Clique abaixo para ouvir o comentário de Beth Veloso veiculado originalmente no Papo de Futuro, da Rádio Câmara, com Paulo Triollo:

O debate sobre a internet das coisas dominou a feira mais importante sobre tecnologia, que acontece sempre em março, em Barcelona, na Espanha. O Mobile World Congress é o delírio das gerações de nerds apaixonados por gadgets que falam, ouvem, cumprem ordens e abrem todo esse mundo novo da internet 5G, de quinta geração, que promete ser quatro vezes mais rápida que a atual, mas só deve chegar por volta de 2019.

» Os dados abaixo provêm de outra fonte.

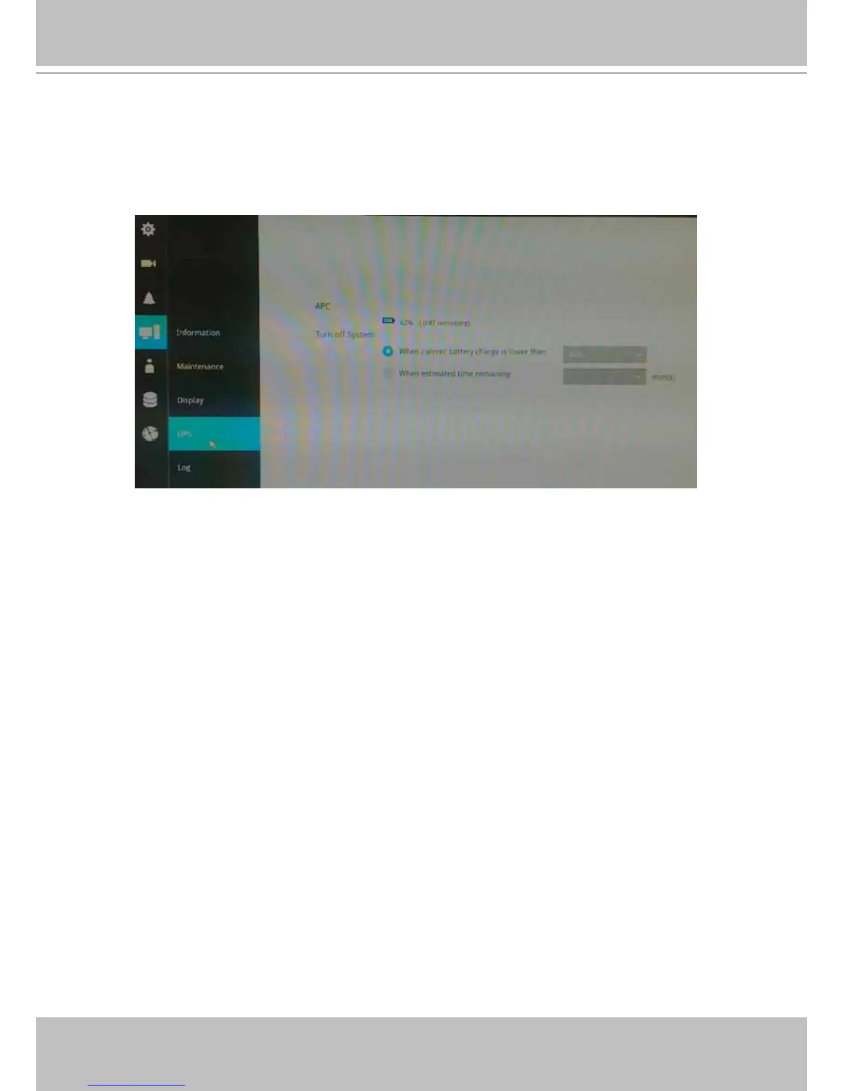 On this page, you can congure the system to gracefully shut down when UPS battery is lower

O Mobile World Congress, de Barcelona, é o delírio das gerações de nerds apaixonados por gadgets que falam, ouvem, cumprem ordens e abrem todo esse mundo novo da internet 5G

Entre novos modelos de celulares, câmeras de fotografia com definição dez vezes maior do que as atuais e a febre pelos protótipos de carros não dirigíveis, o que impressiona mesmo é a briga das gigantes da internet por maiores fatias de mercado, como os planos do Facebook de colocar publicidade nos vídeos produzidos direto na rede, e dividir o lucro com o usuário, tudo isso para fazer da rede social uma grande plataforma de vídeo até 2020 e bater o YouTube.

O Brasil deve lançar até setembro o plano para a internet das coisas, ou seja, como o governo vai investir nas cidades do futuro com carros automáticos e milhões de equipamentos eletrônicos interconectados em nossas casas. Mas o que uma pesquisa feita pela revista The Economist junto com o Facebook¹ mostra é que o Brasil não vai bem no ranking mundial dos países mais conectados do mundo.

Encabeçada por Singapura, a lista avalia aspectos como disponibilidade de infraestrutura, usabilidade da internet conforme renda da população; a relevância do conteúdo nacional e o uso do idioma local na rede e a política de telecomunicações e o uso efetivo da rede pelo cidadão. E a posição brasileira é a de número 18 entre os 75 países com melhor desempenho no ranking geral, caindo para a posição de 31 quando se trata de confiabilidade e segurança da rede.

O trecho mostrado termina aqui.